### Description of the task
Type out the lines below exactly, pictures excluded.

### Data segment
※

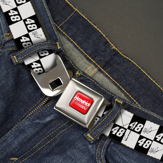 HENDRICK MOTORSPORTS Checker Logo Full Color Red/White Seatbelt Belt - Alex Bowman Autograph and #48 Checker Logo Black/White Webbing
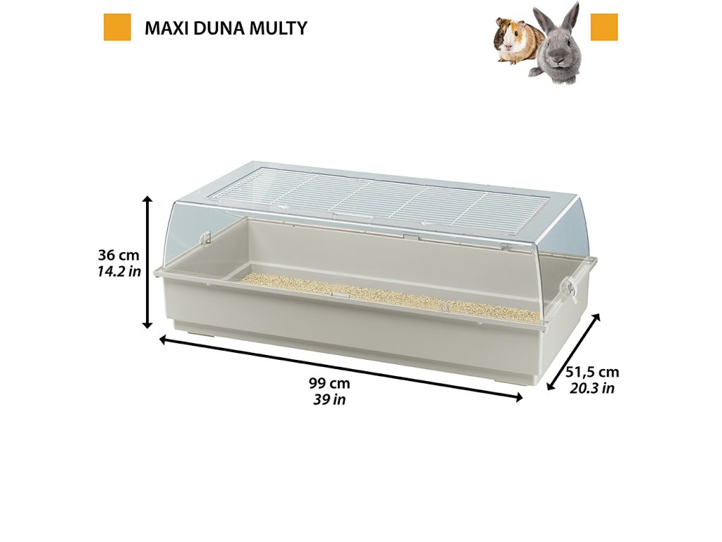 DUNA MAXI MULTY je mimořádně prostorná plastová klec, která poskytne ideální zázemí křečkům, morčatům i králíkům. Díky průhledné plastové střeše s odklápěcí kovovou mřížkou je zajištěna skvělá viditelnost i cirkulace vzduchu. Její rozměry téměř jeden metr na délku zaručují dostatek prostoru pro pohyb a pohodlné vybavení.
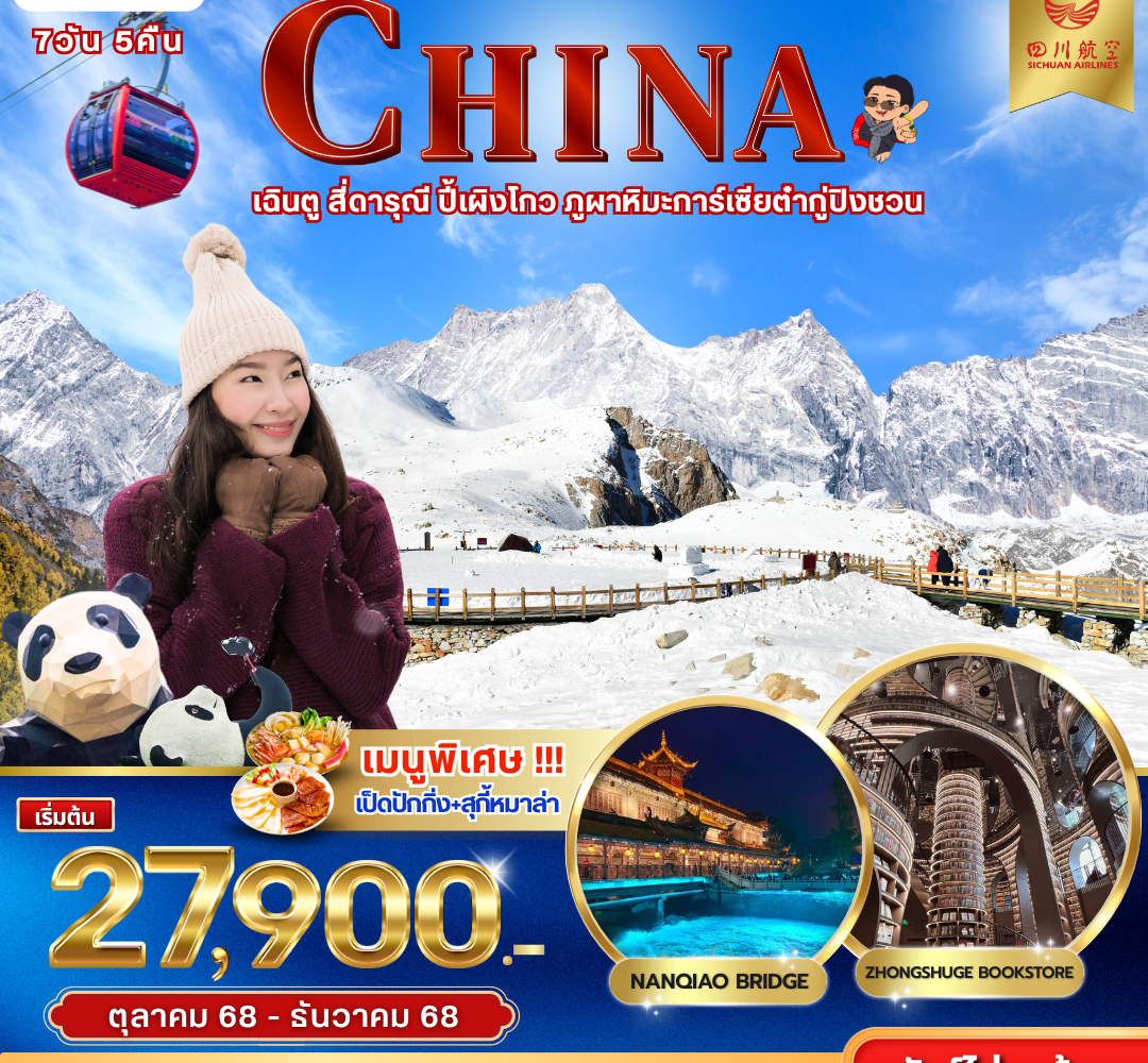 29 เฉินตู สี่ดารุณี ปี้เผิงโกว ภูผาหิมะการ์เซียต๋ากู่ปิงชวน 7วัน 5 คืน Nov – Dec 2025 (27,900)

※

### Completed task
 HENDRICK MOTORSPORTS Checker Logo Full Color Red/White Seatbelt Belt - Alex Bowman Autograph and #48 Checker Logo Black/White Webbing
 DUNA MAXI MULTY je mimořádně prostorná plastová klec, která poskytne ideální zázemí křečkům, morčatům i králíkům. Díky průhledné plastové střeše s odklápěcí kovovou mřížkou je zajištěna skvělá viditelnost i cirkulace vzduchu. Její rozměry téměř jeden metr na délku zaručují dostatek prostoru pro pohyb a pohodlné vybavení.
 29 เฉินตู สี่ดารุณี ปี้เผิงโกว ภูผาหิมะการ์เซียต๋ากู่ปิงชวน 7วัน 5 คืน Nov – Dec 2025 (27,900)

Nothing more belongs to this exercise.